SEATTLE — Nov. 14, 2016 — The typical stock portfolio offered a higher return on investment than the typical home from January 2010 to May 2016, according to Redfin, the next-generation real estate brokerage. In partnership with investment advisory firm FutureAdvisor, Redfin's latest analysis compared gains in median home prices with returns on a median stock portfolio in 24 major U.S. metro areas.

While there were slight variations, a median financial portfolio earned between 63 and 70 percent since 2010 in each of the 24 metros studied, offering a higher rate of return than the housing market in all but four metros. The exceptions were Miami (where home prices increased 73.3%) and three metros in Northern California: San Jose (74.7%), San Francisco (72.7%) and Oakland (67.6%). These were all housing markets where prices skyrocketed and crashed the most during the bubble years.

Other metros, such as Philadelphia (home prices up 11%) and Baltimore (11.4%), have had a more steady recovery. Their residents would have had a much higher return investing in stocks than in the housing market during this time. However, a great deal of value can be derived from a home purchase beyond its price appreciation.

"There are pros and cons to any investment, but real estate is unique in that it offers the advantage of forced savings through the monthly mortgage payment," said Redfin chief economist Nela Richardson. "The fact that homeowners build an increasing share of equity just by paying their mortgages every month enforces a savings discipline on consumers that is absent in stocks. For this reason, real estate historically has served as the primary engine of wealth creation, particularly for the middle class."

In most cities, multi-family buildings, condos and co-ops had higher appreciation than single-family homes. The best time to buy in 2010 was December, with home prices appreciating 46 percent since then, compared to just 36.8 percent for homes purchased in June of that year.

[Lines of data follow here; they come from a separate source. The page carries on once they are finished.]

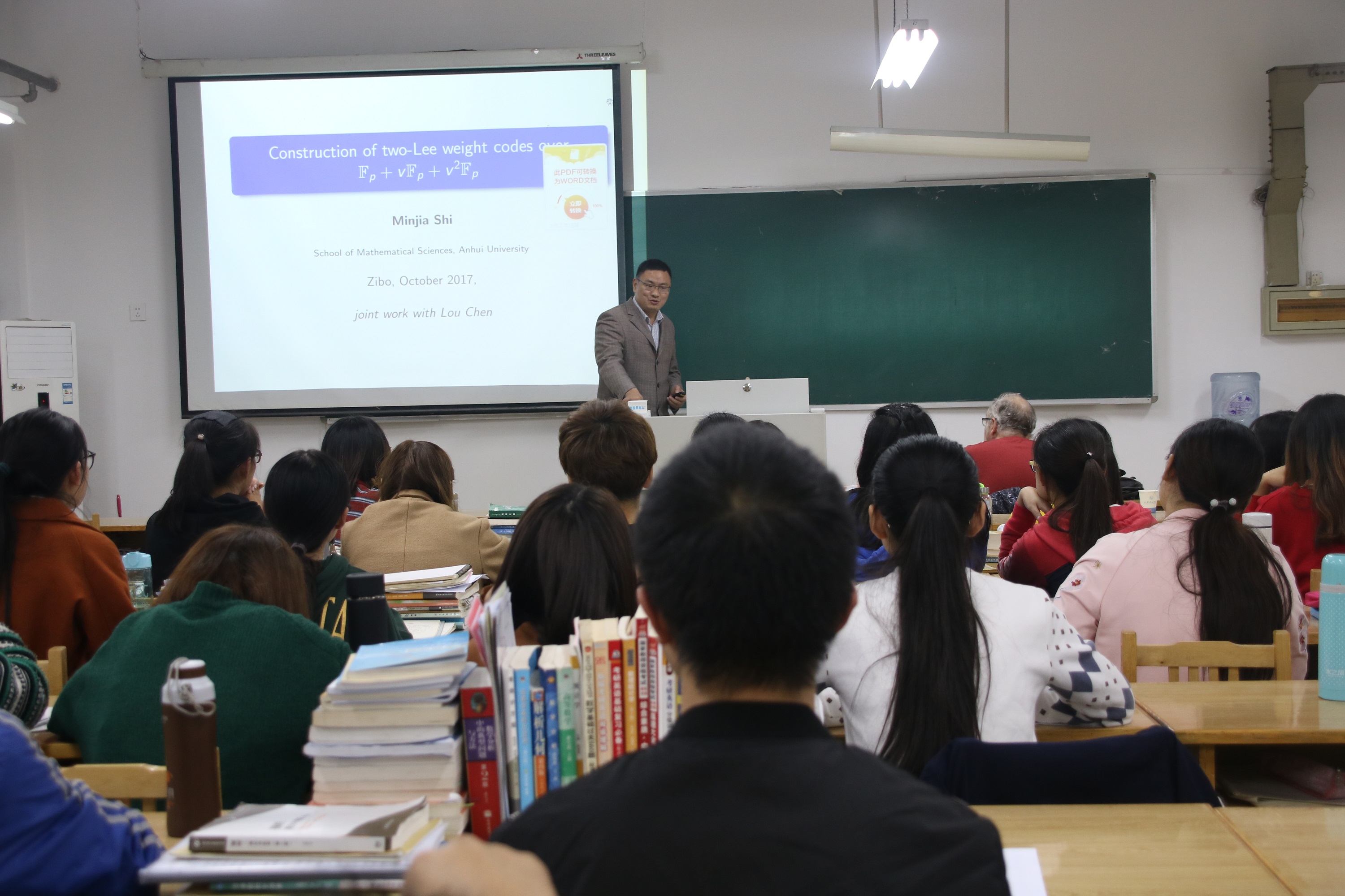 紧接着,施敏加教授做了题目为《Construction of two-Lee weight codes over a non-chain ring》的专题报告。施教授以自己带本科生做学问的亲身经历给同学们讲述如何做学问,搞科研。以深入浅出的讲解,使同学们了解了很多与编码有关的基础内容,并激励同学们敢于尝试,敢于对未知发起挑战,鼓励同学们增强自信心。整场报告会十分精彩,施敏加教授也是对我们的提问给予肯定回答,此次报告会在同学们的掌声中结束。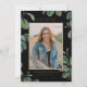 Vintage Botanical Lövs Black Photo Studenten Inbjudningar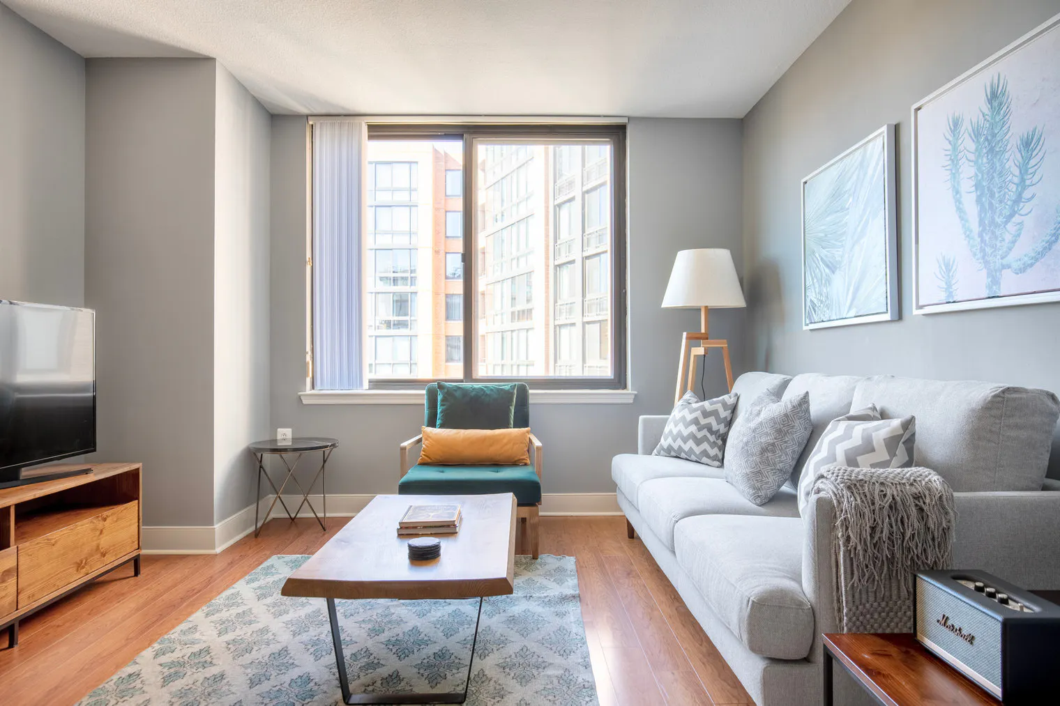 Please, note that the minimum stay for this accommodation is 33 days. Show up and start living from day one in Washington, D.C. with this cozy one bedroom apartment. You’ll love coming home to this thoughtfully furnished, beautifully designed, and fully equipped Mount Vernon Triangle home with stunning views over the city. (ID #WDC1) Designed with you in mind In this apartment, you’ll find a thoughtfully designed space complete with beautiful furniture and a fully equipped kitchen in this one bedroom property. And, thanks to our superior quality mattresses, luxury linens, and towels, you can relax knowing you’ll always feel comfortably at home. When you’re ready for some fun, you can take in the Washington, D.C. vibes or bring the entertainment to you with the premium wireless speaker or smart TV. This apartment also offers in-apartment laundry. Sleeping arrangements Queen Bed, 63in/160cm Amenities Building amenities unique to this one bedroom apartment include an on-site: - BBQ Area - Doorman - Dryer - Elevator - Swimming pool - Washing machine - Lounge - Parking - Pets allowed Arrival and ongoing support Full Maintenance and Technical Support / cleaning requests at a click of a button. Other things to note Building amenities may have an extra cost. This apartment has flexible lease options, allowing you to book it for one month, a year, or more. Pets are welcome, though weight limits and breed restrictions apply and may incur fees. Parking is offered based on availability and is subject to a fee. Completion of the Background check via a link is mandatory after the booking confirmation. All occupants, and anyone booking on an occupant's behalf, will be subject to a background check, which will include a criminal and credit history to the extent permitted by law. United States citizens, U.S. permanent residents, and non U.S. citizens with work visas must provide a social security number to complete the background check. Should guests not meet requirements or decide not to complete these screenings, the reservation must be cancelled by guests. In case of students, proof of University enrollment and a parents screening are mandatory for the confirmation of a booking...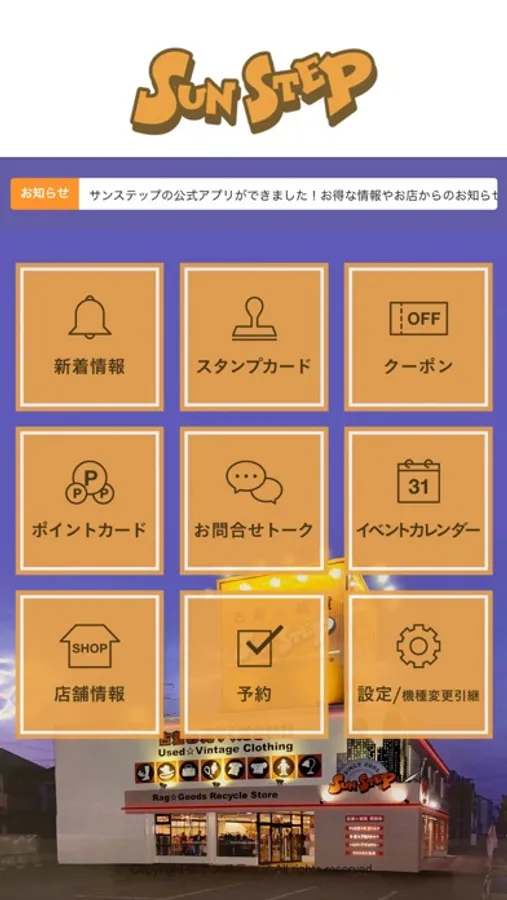 「サンステップ」の公式アプリ!アプリ会員様限定の特典をご用意しております。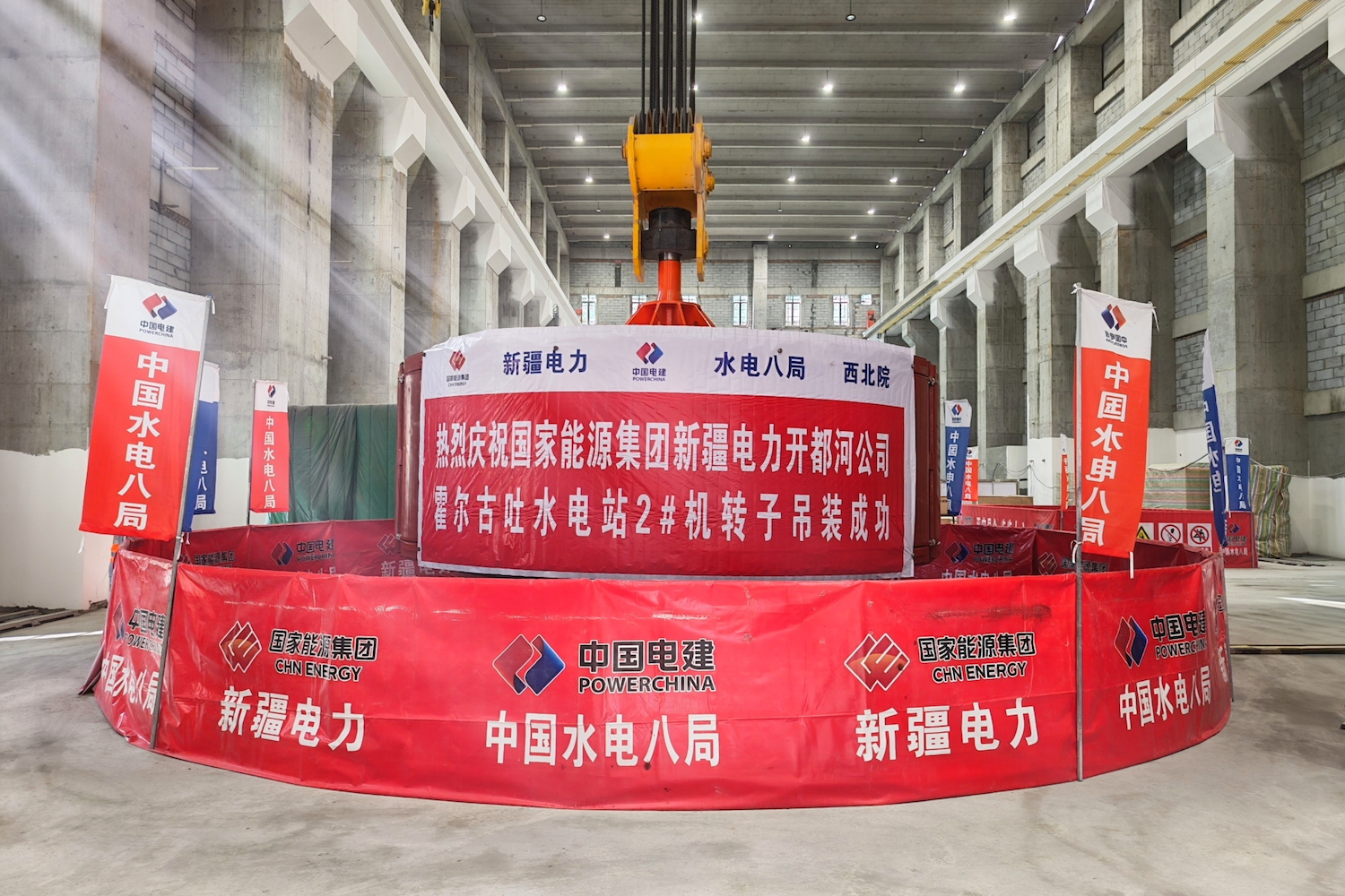 3月16日,新疆电力开都河公司霍尔古吐水电站第二台机组转子吊装成功,与水轮机主轴实现精准对接,为电站后续全面安装、调试及投产发电奠定坚实基础。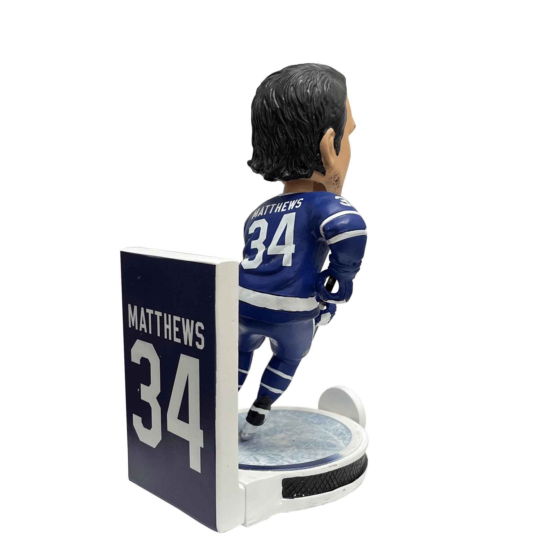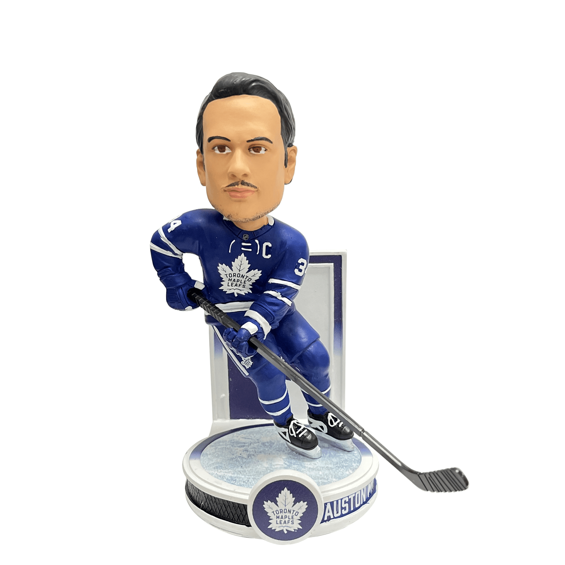 Showcase your appreciation for elite goal-scoring prowess with this Forever Collectibles NHL Banner Series bobblehead featuring Auston Matthews. Expertly rendered with exceptional detail, this collectible captures the Toronto Maple Leafs phenom in striking form. The custom banner base displays authentic team colors and graphics, creating an impressive focal point for any hockey memorabilia collection. Officially licensed and built to collector standards, this bobblehead is an outstanding way to honor one of the NHL's most dynamic young talents.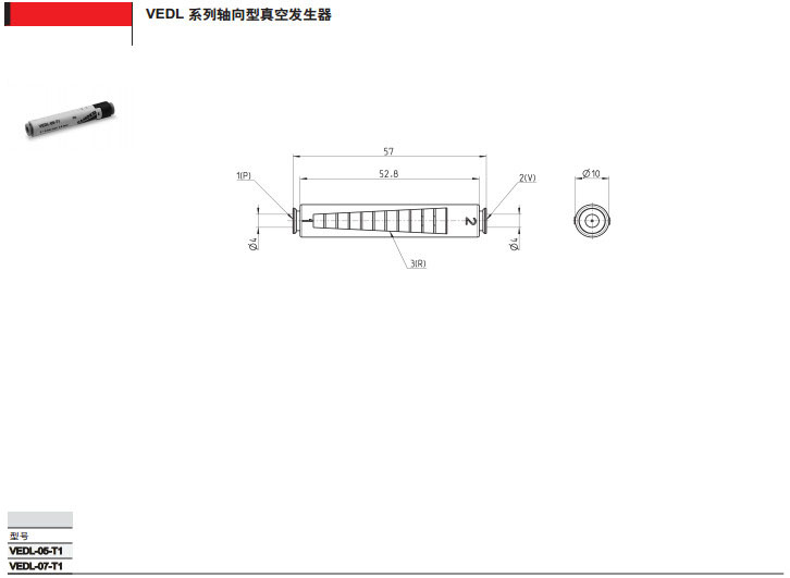 詳細信息 VEDL-05-T1,VEDL-07-T1,camozzi軸向型真空發(fā)生器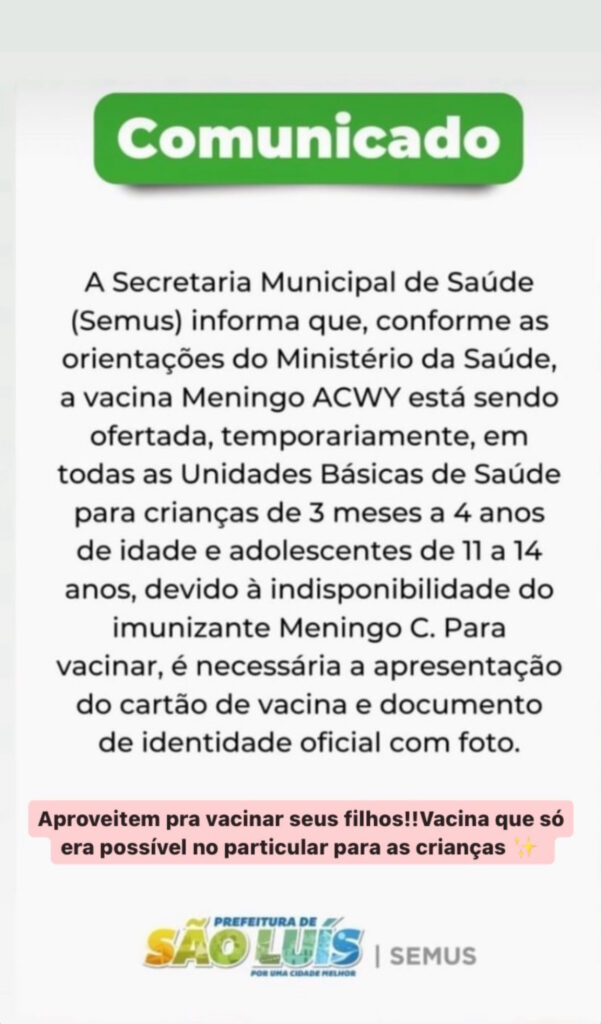 Vacina que combate meningite que custa R$420, está sendo aplicada de graça na rede pública de São Luís

To read the full report, complete with additional data, visualizations and analysis, visit here.

About Redfin Corporation

Redfin is the next-generation real estate brokerage, combining its own full-service agents with modern technology to redefine real estate in the consumer's favor. Founded by software engineers, Redfin has the country's #1 brokerage website and offers a host of online tools to consumers, including the Redfin Estimate, the highly accurate automated home-value estimate. Homebuyers and sellers enjoy a full-service, technology-powered experience from Redfin real estate agents, while saving thousands in commissions. Redfin serves more than 80 major metro areas across the U.S. The company has closed more than $31 billion in home sales and saved customers more than $335 million in fees through 2015.

For more information or to contact a local Redfin real estate agent, visit www.redfin.com. To learn about housing market trends and download data, visit the Redfin Data Center.

About FutureAdvisor

FutureAdvisor is an award-winning digital advisory firm based in San Francisco serving clients nationwide. With a focus on collaborating with major financial institutions, FutureAdvisor's technology helps firms provide financial advice digitally to their customers. Their software actively monitors and manages clients existing 401(k)s, IRAs and taxable accounts from a household-wide, long-term perspective. FutureAdvisor was awarded the World Economic Forum's Technology Pioneer award in 2015, and Euromoney's Best American Wealth Management Innovator award in 2014. They were acquired by BlackRock in October 2015 as part of BlackRock Solutions,® which offers risk management, advisory and enterprise investment system services to a broad base of institutional investors. For more information, visit www.futureadvisor.com.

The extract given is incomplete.